*Supplied material*.
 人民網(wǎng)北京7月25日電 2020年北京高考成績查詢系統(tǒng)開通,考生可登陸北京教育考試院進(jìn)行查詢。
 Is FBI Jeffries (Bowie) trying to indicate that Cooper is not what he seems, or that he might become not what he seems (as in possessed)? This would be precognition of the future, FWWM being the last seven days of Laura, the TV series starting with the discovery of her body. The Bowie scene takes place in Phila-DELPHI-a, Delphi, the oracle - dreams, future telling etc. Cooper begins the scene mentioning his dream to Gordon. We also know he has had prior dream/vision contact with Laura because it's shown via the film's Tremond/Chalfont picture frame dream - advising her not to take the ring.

==

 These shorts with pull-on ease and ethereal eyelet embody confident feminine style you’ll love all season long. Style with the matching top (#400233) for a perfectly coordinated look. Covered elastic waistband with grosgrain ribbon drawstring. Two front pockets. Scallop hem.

*Instructions for the task*. Write down only the number of lines that contain the string "with" in the listing.

*Output*. 2